Wednesday, February 5, 2020

Investing and the Debt Bubble



The Federal Reserve keeps pumping more money into the system expanding it's balance sheet to unprecedented heights.

It is inflating the stock market to a bubble that will eventually make 2008/9 look like child's play. Debt is being inflated as banks need liquidity to lend out to borrowers. The fed has stepped in to be the lender of last resort.

It also is a buyer. It buys treasuries to support the yield curve. You can just bet that when the interest rate on a 1 year bond exceeds that of a 10 year bond, the fed will step in to support the long end of the curve.

Why would anybody buy bonds at 1.5% when inflation is running at 2.2%? Why would anybody lock up money for 10 years when you can get the same rate for one year?

The short answer is, they don't usually. There is speculation that interest rates in the U.S. are soon going to go negative. The President has been complaining about how high rates are for 3 years. He would love for that to happen but never explains how that would help middle class working people.

Instead of helping it would eventually wipe them out in my opinion.

So, the fed is printing money and then using that helicopter money to buy treasuries and lend to investment banks. They then use that money to lend, use on share buybacks and pay out bonuses.

Yesterday's Headline

Dow Rips 500 Points Higher as $94 Billion Fed Repo Juices Stock Market


How does one invest while this game is going on?

Become your own central bank.

Now is the time to own hard assets as a hedge against this massive debt bubble that is hyper inflating the stock market.

Forget the virus hype and bluster. The S&P 500 has risen over 2% since the outbreak started. It's not about the corona scare. It's about the fed's money pumping.

Crude oil has a correlation to the general stock market. Not always but when it goes up so does the market. It diverges and then comes back. It's not an exact line but it does follow in the general direction.

Crude is down 20% since the start of the year.

Just a hint that OPEC and Russia are getting together to discuss production cuts is enough for oil to catch a bid. We are awash in oil but still these major economies need and feed off of a higher oil price.
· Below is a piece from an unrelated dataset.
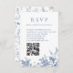 Elegant Victorian Blue Floral Wedding QR code RSVP Card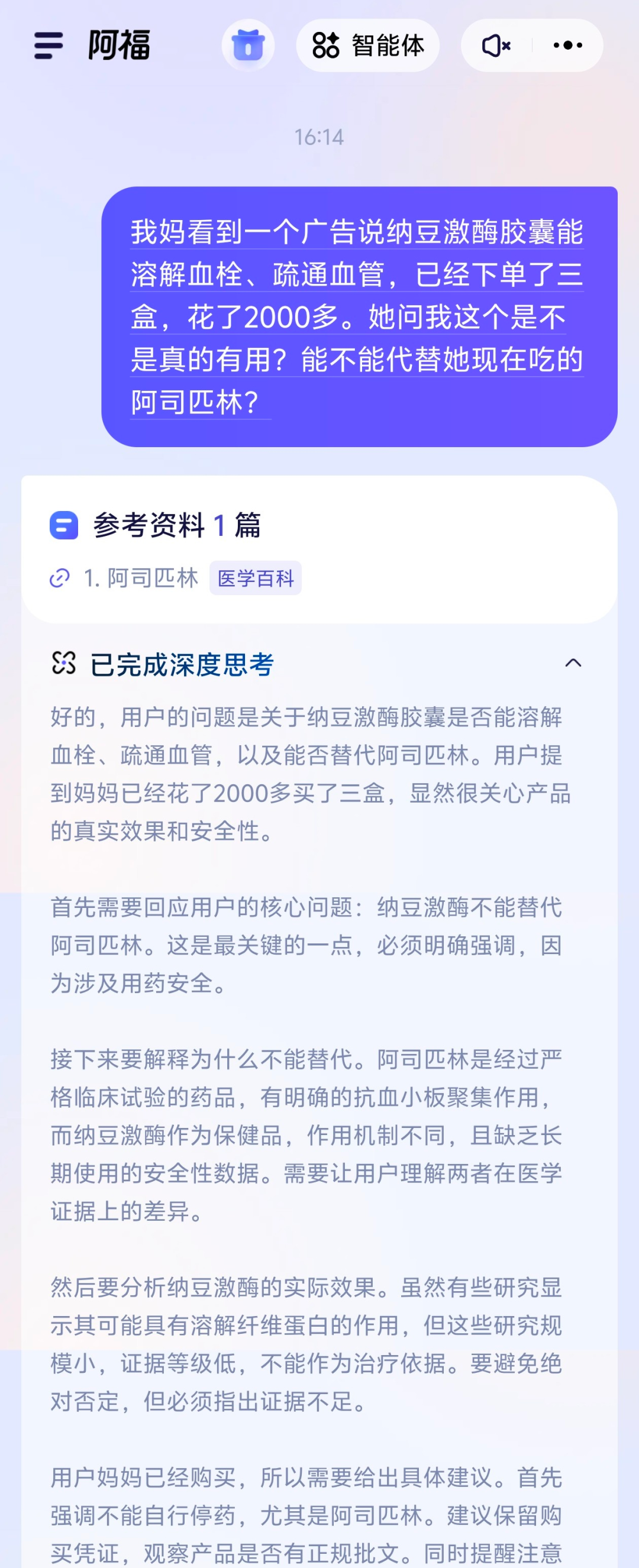 「我妈看了个广告,说纳豆激酶能溶栓、通血管,一冲动花了2000多买了好几盒。她现在来问我,这东西到底有没有用?能不能把平时吃的阿司匹林给停了?」

If you are trading stocks for short term capital gain then watch crude for a lift up. It's not the only thing but it's a big thing. Don't let a short term virus scare distract you from the big picture which is the price of crude and the massive debt bubble the fed has created.

What to Do?

I'm placing bets against the debt. Like buying:
  • physical gold
  • physical silver (cheapest precious metal out there)
  • crypto currencies (BTC, BTC cash, Litecoin and Ether)
NOT to get rich but as insurance against this debt. Protect yourself and diversify some of your wealth into hard assets. This is insurance. Think of it that way and not as an investment. I have allotted 10% of my portfolio to hard assets and crypto. If you don't like crypto then don't buy it. This is just what I'm doing at the moment.

This is just a hedge against the massive money printing of fiat currencies by central banks around the world. 

When interest rates go negative here like has happened in other countries it will be good to own alternative assets. A lot of people say that is Europe and it will never happen here. Those same people trust what governments say and do.

I'm a bit more pessimistic than that.

You're either a contrarian or you become a victim. Good luck!